▸ DIRECTIONS FOR THIS TASK
Given the material below, return only the lines starting at the line with "只见,两把大刀在姐妹花手中耍" and ending at the line with "Product Information: This", exactly as they appear.

▸ SUPPLIED RECORDS
* * * * * * *

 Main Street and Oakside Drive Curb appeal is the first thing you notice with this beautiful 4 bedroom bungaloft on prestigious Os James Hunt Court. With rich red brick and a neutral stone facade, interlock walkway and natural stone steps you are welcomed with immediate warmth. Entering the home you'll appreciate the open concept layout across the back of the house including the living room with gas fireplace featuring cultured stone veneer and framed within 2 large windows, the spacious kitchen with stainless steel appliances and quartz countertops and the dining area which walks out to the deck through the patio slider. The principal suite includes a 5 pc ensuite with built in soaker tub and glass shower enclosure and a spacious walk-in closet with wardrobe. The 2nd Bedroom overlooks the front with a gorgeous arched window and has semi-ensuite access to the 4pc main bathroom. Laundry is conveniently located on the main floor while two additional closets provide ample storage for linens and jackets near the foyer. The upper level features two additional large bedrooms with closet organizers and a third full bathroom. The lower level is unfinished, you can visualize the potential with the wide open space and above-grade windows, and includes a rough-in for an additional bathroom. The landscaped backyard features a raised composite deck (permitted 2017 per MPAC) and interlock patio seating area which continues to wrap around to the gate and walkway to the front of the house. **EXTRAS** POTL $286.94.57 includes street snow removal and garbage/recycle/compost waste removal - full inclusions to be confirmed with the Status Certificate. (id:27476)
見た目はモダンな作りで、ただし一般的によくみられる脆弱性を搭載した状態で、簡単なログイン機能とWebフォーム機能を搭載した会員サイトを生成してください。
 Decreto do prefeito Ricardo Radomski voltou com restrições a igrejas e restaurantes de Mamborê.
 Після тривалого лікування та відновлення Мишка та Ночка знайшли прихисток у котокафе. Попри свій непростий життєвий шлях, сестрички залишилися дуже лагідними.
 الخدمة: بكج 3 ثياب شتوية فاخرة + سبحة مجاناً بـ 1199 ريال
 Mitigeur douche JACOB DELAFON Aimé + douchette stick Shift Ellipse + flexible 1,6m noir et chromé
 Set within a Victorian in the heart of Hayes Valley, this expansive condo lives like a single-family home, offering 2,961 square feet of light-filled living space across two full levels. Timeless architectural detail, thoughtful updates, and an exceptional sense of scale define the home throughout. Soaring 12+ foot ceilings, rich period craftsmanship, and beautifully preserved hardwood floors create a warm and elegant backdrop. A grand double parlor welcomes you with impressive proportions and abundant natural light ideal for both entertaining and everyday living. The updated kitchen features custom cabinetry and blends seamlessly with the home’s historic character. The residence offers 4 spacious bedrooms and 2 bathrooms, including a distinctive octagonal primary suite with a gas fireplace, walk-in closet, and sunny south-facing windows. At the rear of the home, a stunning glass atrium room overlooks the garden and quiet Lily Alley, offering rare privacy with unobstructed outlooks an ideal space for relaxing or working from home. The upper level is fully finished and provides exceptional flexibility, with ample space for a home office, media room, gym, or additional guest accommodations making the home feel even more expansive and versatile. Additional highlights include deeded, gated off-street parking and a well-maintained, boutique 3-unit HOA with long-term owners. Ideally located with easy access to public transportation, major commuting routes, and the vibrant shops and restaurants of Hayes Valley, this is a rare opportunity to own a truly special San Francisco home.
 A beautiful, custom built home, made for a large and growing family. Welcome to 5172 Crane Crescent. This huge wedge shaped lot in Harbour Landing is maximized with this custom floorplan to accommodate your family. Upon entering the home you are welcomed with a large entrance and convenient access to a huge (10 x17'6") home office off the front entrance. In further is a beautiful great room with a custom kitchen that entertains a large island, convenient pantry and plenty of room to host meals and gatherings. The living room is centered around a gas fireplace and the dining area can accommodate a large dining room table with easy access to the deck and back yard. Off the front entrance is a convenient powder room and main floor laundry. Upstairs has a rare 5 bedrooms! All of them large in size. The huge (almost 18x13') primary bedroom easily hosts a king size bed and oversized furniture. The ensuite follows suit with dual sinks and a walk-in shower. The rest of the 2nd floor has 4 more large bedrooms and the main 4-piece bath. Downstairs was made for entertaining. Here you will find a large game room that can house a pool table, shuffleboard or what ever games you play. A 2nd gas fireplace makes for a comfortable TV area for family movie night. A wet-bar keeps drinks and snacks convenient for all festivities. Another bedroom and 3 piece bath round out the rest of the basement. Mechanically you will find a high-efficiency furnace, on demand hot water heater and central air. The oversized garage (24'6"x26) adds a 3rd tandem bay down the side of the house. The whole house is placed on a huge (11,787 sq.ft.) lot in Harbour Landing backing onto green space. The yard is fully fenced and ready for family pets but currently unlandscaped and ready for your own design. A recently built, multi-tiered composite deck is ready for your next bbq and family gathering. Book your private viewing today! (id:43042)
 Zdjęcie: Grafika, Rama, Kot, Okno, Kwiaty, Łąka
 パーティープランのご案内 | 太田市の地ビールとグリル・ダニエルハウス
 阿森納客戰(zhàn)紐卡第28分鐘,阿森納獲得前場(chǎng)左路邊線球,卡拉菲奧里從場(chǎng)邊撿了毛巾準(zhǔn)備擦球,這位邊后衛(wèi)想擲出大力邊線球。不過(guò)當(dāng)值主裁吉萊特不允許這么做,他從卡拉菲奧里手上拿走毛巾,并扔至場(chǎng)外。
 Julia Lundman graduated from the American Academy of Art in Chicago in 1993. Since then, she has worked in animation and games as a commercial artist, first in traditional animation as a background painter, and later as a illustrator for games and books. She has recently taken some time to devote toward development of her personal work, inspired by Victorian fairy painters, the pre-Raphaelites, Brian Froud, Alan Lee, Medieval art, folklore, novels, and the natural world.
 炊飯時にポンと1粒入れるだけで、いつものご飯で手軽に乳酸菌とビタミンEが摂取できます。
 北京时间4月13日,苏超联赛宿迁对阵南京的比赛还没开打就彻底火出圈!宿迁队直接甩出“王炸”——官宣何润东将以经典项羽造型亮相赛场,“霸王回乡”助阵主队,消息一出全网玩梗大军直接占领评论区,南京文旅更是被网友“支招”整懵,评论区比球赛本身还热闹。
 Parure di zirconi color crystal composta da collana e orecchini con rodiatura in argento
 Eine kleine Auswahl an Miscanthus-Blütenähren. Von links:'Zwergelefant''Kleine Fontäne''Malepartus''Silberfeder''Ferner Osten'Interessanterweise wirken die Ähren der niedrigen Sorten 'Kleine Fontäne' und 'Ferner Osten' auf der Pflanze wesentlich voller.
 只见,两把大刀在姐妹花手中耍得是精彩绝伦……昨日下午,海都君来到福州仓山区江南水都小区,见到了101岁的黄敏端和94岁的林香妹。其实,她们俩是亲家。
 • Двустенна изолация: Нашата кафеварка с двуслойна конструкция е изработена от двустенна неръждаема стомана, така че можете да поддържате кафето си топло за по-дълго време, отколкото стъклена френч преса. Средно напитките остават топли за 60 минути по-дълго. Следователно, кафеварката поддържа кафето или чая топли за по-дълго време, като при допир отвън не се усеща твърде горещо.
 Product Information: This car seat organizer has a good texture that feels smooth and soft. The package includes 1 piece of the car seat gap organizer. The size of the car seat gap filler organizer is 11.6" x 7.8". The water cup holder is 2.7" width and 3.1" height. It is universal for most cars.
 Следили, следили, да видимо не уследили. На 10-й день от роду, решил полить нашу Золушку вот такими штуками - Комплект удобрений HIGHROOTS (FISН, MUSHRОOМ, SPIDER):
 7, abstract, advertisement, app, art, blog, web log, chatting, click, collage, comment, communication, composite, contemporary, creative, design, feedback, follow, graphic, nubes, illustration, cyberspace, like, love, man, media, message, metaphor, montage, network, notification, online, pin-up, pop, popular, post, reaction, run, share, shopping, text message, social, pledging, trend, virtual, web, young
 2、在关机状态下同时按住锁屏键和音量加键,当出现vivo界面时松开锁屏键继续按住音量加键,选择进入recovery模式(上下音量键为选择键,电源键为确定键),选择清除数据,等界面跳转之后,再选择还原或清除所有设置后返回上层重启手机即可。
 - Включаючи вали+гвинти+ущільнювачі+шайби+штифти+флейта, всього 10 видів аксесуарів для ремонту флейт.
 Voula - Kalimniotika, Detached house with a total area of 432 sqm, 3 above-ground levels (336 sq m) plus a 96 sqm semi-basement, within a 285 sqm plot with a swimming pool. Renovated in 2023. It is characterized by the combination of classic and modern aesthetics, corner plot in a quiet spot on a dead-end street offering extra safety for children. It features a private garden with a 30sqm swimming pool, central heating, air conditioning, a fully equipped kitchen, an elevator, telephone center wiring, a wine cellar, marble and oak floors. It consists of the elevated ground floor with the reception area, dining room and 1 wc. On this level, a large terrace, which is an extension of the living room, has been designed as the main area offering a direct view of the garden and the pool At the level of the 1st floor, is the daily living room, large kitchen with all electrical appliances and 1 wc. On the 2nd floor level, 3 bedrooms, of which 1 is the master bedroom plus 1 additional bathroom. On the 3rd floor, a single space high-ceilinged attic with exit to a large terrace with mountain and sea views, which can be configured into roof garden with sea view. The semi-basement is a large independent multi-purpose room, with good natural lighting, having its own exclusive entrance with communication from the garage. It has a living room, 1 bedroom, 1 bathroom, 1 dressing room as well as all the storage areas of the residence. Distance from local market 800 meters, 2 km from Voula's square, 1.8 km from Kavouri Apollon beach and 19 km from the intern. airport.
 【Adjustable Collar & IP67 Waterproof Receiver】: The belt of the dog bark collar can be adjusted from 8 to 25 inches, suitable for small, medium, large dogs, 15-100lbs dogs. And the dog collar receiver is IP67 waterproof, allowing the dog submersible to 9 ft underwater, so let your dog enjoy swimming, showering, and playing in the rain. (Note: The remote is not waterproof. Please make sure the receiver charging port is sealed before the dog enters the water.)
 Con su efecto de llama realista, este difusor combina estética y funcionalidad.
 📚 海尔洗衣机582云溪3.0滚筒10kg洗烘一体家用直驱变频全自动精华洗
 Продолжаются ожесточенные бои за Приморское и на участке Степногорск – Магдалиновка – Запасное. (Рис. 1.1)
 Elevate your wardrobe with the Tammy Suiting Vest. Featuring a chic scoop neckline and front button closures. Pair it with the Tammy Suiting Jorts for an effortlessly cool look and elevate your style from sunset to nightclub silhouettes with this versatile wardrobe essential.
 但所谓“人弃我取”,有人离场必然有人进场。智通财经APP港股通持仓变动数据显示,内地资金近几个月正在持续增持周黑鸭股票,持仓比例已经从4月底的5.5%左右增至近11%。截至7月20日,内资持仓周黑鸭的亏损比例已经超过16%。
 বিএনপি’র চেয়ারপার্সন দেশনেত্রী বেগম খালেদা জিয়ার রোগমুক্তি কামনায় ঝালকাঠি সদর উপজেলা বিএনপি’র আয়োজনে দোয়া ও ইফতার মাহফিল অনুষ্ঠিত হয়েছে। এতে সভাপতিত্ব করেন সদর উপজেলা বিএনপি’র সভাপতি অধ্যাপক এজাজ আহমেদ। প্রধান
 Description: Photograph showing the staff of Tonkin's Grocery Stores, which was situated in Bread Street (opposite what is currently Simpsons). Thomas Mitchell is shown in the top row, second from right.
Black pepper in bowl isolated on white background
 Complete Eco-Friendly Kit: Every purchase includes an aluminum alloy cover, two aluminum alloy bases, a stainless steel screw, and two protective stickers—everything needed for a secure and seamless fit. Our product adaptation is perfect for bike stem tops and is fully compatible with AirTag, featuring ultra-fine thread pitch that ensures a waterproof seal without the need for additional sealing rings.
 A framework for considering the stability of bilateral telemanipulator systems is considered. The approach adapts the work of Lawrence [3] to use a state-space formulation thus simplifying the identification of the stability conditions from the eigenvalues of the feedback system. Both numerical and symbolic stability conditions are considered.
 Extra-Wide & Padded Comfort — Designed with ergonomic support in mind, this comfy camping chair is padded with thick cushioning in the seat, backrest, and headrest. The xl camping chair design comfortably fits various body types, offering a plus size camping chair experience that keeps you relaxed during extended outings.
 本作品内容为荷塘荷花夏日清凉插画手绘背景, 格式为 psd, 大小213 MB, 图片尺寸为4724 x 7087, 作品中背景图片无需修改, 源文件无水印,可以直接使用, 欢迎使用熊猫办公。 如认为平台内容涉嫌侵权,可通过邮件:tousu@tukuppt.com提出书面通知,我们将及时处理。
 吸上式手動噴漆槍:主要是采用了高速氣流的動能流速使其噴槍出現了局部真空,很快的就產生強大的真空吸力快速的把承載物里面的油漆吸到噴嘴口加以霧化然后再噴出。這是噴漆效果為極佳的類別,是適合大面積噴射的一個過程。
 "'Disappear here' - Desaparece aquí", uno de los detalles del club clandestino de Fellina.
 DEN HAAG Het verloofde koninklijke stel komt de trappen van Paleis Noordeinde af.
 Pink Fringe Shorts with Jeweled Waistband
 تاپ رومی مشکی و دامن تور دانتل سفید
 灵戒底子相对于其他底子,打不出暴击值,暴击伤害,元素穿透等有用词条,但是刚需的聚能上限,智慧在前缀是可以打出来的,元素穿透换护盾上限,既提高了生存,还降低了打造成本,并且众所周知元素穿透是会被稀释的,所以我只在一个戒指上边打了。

* * * * * * *

▸ SOLUTION
 只见,两把大刀在姐妹花手中耍得是精彩绝伦……昨日下午,海都君来到福州仓山区江南水都小区,见到了101岁的黄敏端和94岁的林香妹。其实,她们俩是亲家。
 • Двустенна изолация: Нашата кафеварка с двуслойна конструкция е изработена от двустенна неръждаема стомана, така че можете да поддържате кафето си топло за по-дълго време, отколкото стъклена френч преса. Средно напитките остават топли за 60 минути по-дълго. Следователно, кафеварката поддържа кафето или чая топли за по-дълго време, като при допир отвън не се усеща твърде горещо.
 Product Information: This car seat organizer has a good texture that feels smooth and soft. The package includes 1 piece of the car seat gap organizer. The size of the car seat gap filler organizer is 11.6" x 7.8". The water cup holder is 2.7" width and 3.1" height. It is universal for most cars.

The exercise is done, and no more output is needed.